# Material for the task:
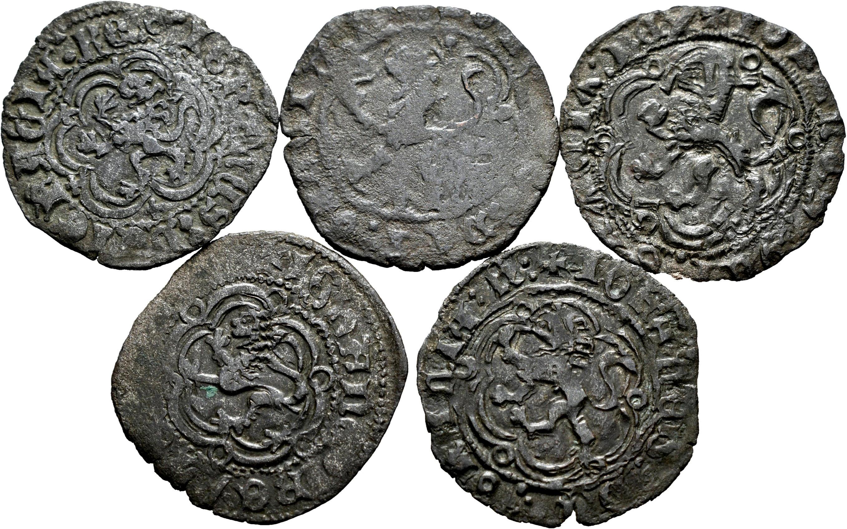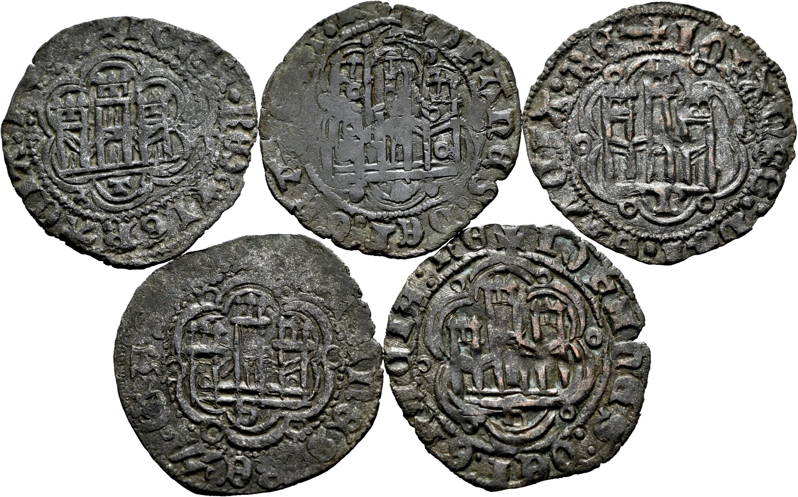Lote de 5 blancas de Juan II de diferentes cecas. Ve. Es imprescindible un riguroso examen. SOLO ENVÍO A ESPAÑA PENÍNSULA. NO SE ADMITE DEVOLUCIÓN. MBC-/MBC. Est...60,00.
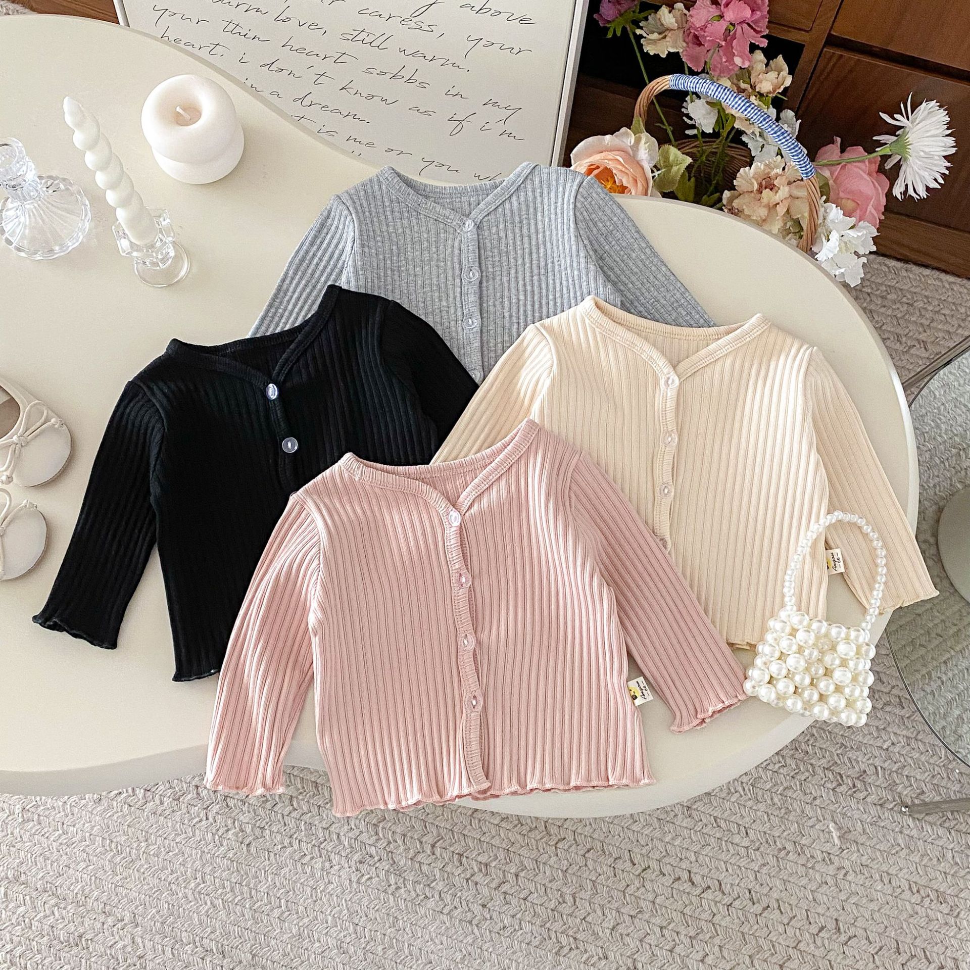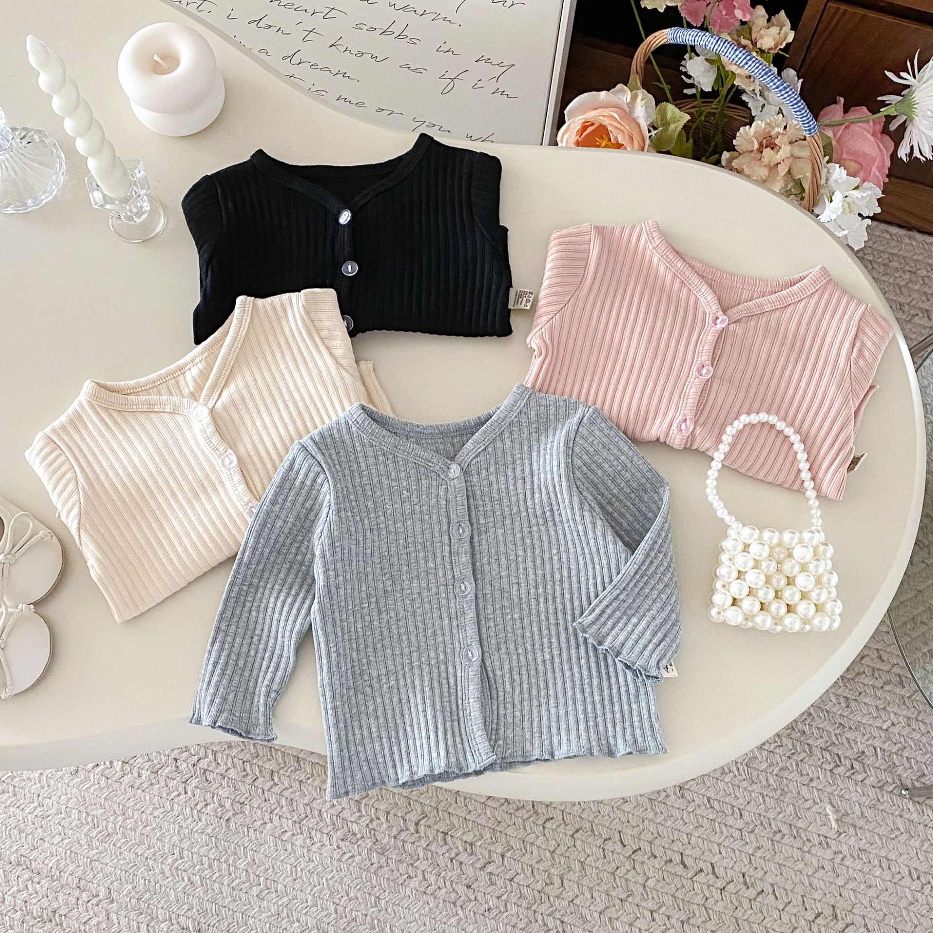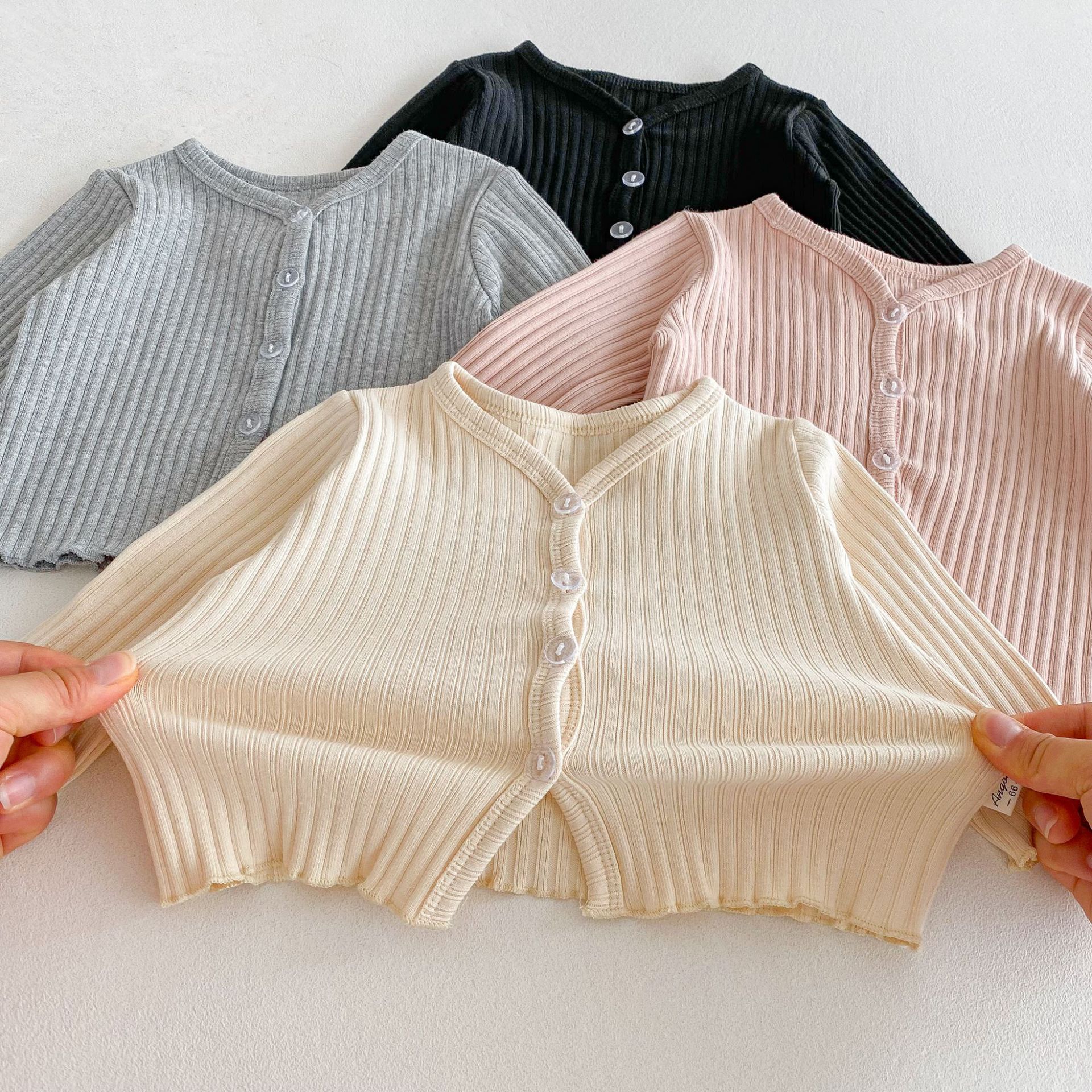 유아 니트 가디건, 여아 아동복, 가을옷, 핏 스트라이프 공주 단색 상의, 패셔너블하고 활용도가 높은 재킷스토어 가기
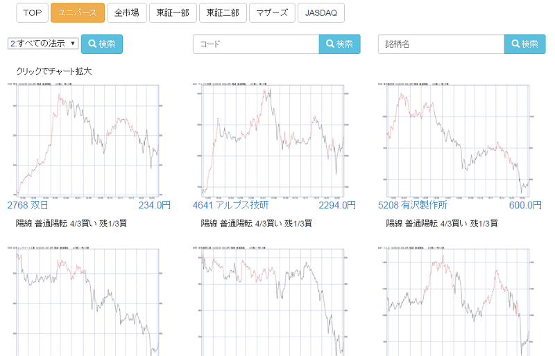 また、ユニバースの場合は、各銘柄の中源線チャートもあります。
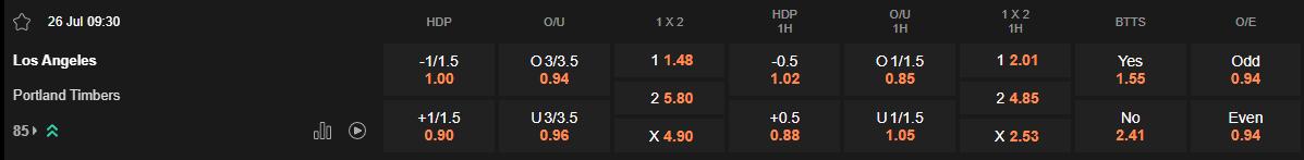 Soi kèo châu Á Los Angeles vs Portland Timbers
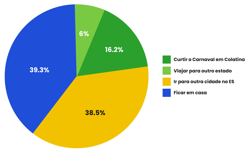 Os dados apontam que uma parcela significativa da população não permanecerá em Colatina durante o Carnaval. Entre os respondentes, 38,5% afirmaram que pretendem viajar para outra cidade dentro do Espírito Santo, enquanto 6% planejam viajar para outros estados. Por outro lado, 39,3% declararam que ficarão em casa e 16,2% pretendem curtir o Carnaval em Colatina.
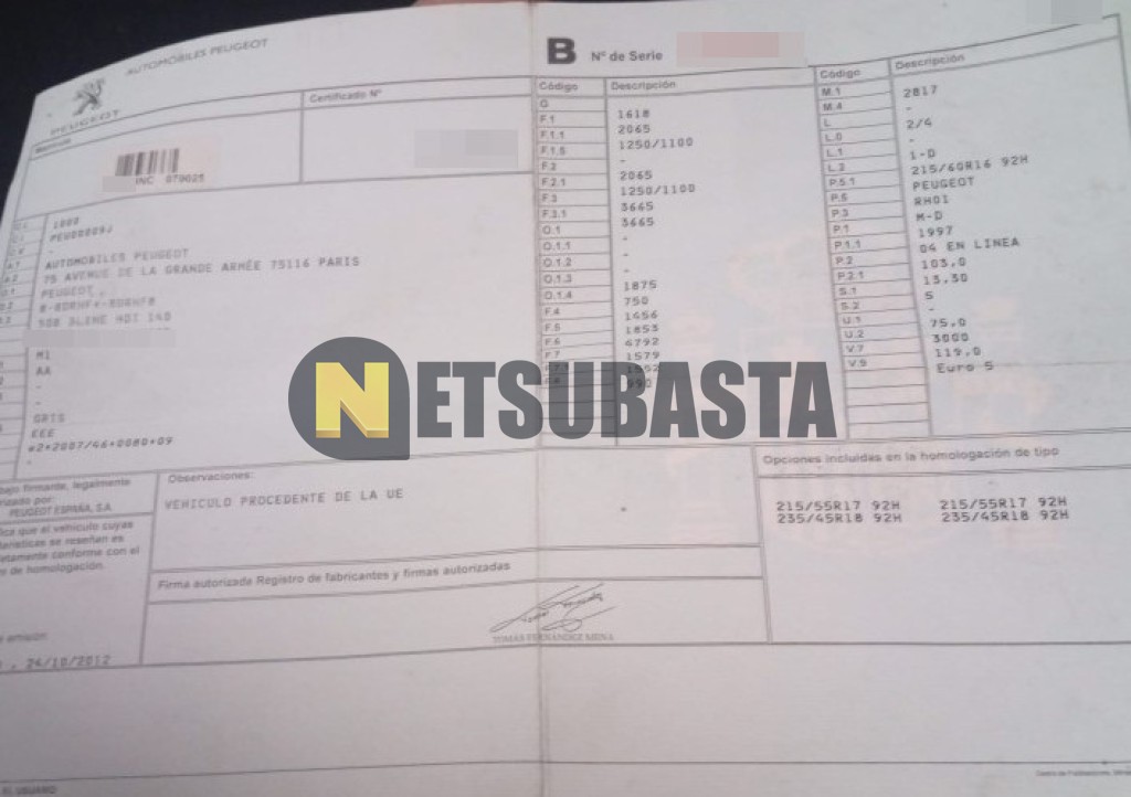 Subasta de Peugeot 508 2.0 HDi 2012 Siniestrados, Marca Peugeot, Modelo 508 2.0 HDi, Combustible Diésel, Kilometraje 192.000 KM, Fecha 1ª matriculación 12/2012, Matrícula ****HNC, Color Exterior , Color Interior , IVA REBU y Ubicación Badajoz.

# Task brief:
Output the lines of the data exactly, starting at the first and ending with the line that has "Soi kèo châu". Pictures are not part of it.

# Response to this exercise:
Lote de 5 blancas de Juan II de diferentes cecas. Ve. Es imprescindible un riguroso examen. SOLO ENVÍO A ESPAÑA PENÍNSULA. NO SE ADMITE DEVOLUCIÓN. MBC-/MBC. Est...60,00.
 유아 니트 가디건, 여아 아동복, 가을옷, 핏 스트라이프 공주 단색 상의, 패셔너블하고 활용도가 높은 재킷스토어 가기
 また、ユニバースの場合は、各銘柄の中源線チャートもあります。
 Soi kèo châu Á Los Angeles vs Portland Timbers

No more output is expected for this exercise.